The police officer testified to inculpatory oral statements made by the defendant on August 25, 1969, when the defendant was arrested. The statements were not reduced to writing. The state offered such testimony to refute an answer given by the defendant on cross-examination to impeach defendant's credibility. Such statements, according to the officer, were made voluntarily by the defendant after the defendant had been advised of his constitutional rights.
We have considered the entire record, and have concluded that this point was not presented to the trial court. We have further concluded that the point is not properly before us on appeal. See Bertone v. State, Fla.App. 1969, 224 So. 2d 400.

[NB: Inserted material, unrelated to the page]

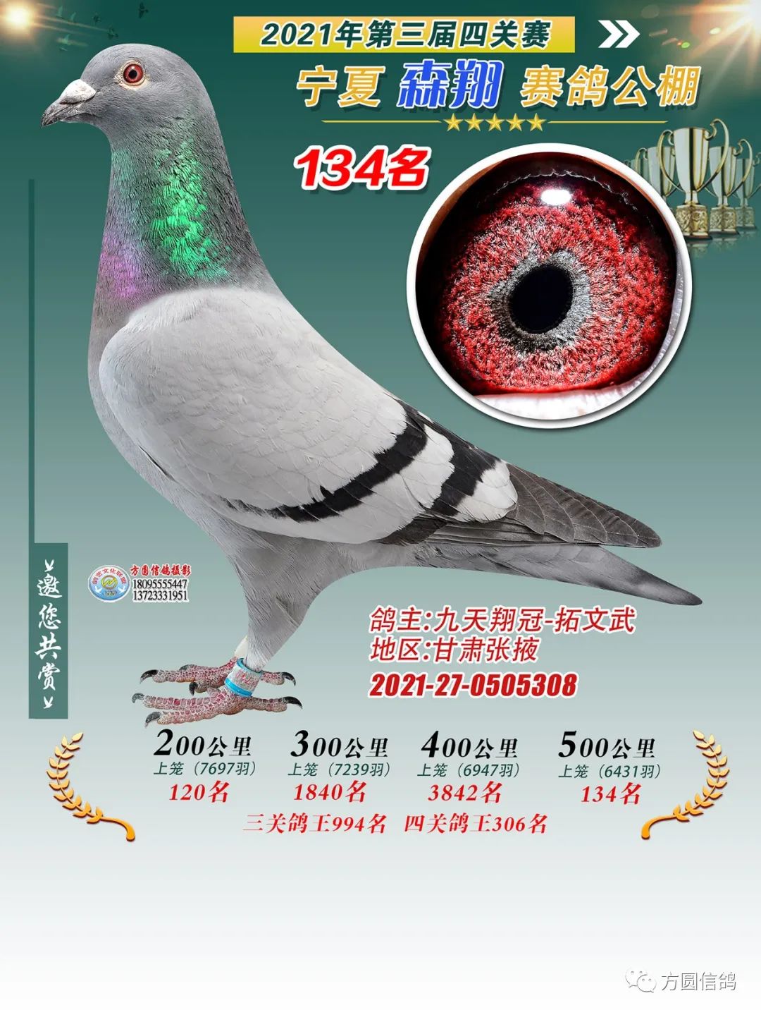 21年宁夏森翔公棚决赛500公里6431羽134名

During the course of his argument on defendant's second point, the defendant also asserts a violation by the State of Rule 1.140(n) CrPR, 33 F.S.A., for failure, upon request, to disclose in the bill of particulars a summary of any oral statements made by the defendant which may not have been reduced to writing.
We have considered the record, briefs, and argument, and conclude that the defendant has failed to demonstrate reversible error as to both alleged violations of the Florida Rules of Criminal Procedure discussed in his second point.
We now consider the defendant's third point, that the trial court erred in denying defendant's motion to correct sentences. In Florida, where an information contains more than one count, but each is a facet or phase of the same transaction, only one sentence may be imposed; and the sentence which should be imposed is for the highest offense charged. See Williams v. State, Fla. 1953, 69 So. 2d 766, 767; Wells v. State, Fla.App. 1964, 168 So. 2d 787; and Wyche v. State, Fla.App. 1965, 178 So. 2d 875, 877 (fundamental error). In the case below, the defendant was charged as follows: Count I with unlawful sale of marijuana on August 9, 1969 and in Count III with unlawful possession of marijuana on August 9, 1969; and in Count II with unlawful sale of marijuana on August 12, 1969, and in Count IV with unlawful possession of marijuana on August 12, 1969. In each instance, the marijuana alleged possessed on the specified date was the marijuana sold to the undercover agents on the same date. In short, Counts I and III and Counts II and IV, respectively, represent a facet or phase of a single transaction and justify but one sentence as to each of the two combined counts.
For the reasons stated, the convictions are affirmed, but the sentences are vacated, and this cause is remanded with directions that the appellant-defendant be presented to the trial court and properly sentenced in accord herewith.
Affirmed in part; reversed in part with directions.